HOW TO COMPLETE THIS TASK.
Nothing outside the stretch is wanted. Repeat exactly the lines of the listing below from the one that contains "House Guard White" through the one that contains "per il miglioramento", both ends included.

DATA SUPPLIED.

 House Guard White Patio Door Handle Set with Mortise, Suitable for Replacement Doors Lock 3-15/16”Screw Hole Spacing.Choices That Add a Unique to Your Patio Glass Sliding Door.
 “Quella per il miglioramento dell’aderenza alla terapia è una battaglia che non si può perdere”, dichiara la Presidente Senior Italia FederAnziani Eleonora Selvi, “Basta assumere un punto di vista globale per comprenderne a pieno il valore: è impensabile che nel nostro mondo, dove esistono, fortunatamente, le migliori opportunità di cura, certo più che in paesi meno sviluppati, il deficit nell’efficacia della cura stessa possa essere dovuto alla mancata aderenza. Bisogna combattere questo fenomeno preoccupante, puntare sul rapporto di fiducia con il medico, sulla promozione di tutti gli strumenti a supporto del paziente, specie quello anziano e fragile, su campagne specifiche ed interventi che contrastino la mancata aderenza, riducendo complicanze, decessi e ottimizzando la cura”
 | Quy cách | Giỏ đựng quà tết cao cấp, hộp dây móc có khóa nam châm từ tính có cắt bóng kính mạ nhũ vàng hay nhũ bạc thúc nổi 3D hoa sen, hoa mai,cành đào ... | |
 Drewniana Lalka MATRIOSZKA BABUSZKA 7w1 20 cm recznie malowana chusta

==

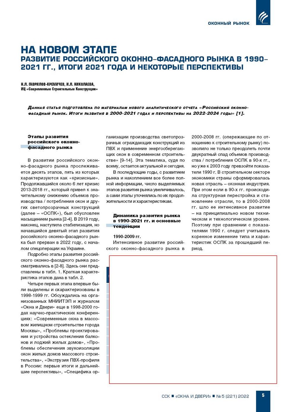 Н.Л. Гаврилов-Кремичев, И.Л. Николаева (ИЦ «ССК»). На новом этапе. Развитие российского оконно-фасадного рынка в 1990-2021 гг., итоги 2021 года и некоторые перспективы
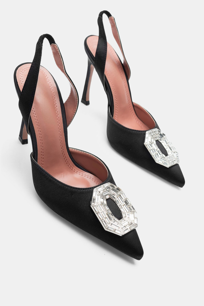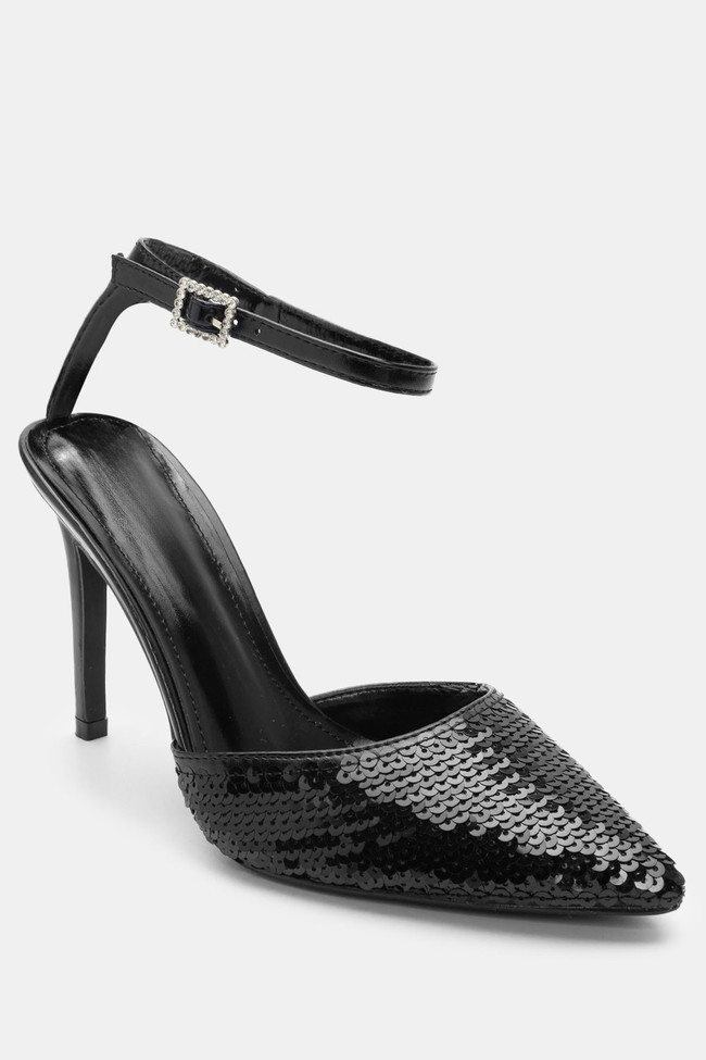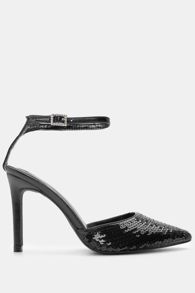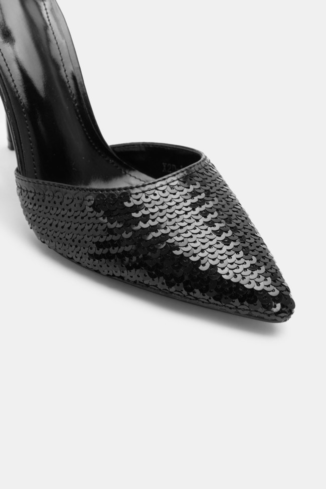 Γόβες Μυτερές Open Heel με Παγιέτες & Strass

ANSWER BOX.
 House Guard White Patio Door Handle Set with Mortise, Suitable for Replacement Doors Lock 3-15/16”Screw Hole Spacing.Choices That Add a Unique to Your Patio Glass Sliding Door.
 “Quella per il miglioramento dell’aderenza alla terapia è una battaglia che non si può perdere”, dichiara la Presidente Senior Italia FederAnziani Eleonora Selvi, “Basta assumere un punto di vista globale per comprenderne a pieno il valore: è impensabile che nel nostro mondo, dove esistono, fortunatamente, le migliori opportunità di cura, certo più che in paesi meno sviluppati, il deficit nell’efficacia della cura stessa possa essere dovuto alla mancata aderenza. Bisogna combattere questo fenomeno preoccupante, puntare sul rapporto di fiducia con il medico, sulla promozione di tutti gli strumenti a supporto del paziente, specie quello anziano e fragile, su campagne specifiche ed interventi che contrastino la mancata aderenza, riducendo complicanze, decessi e ottimizzando la cura”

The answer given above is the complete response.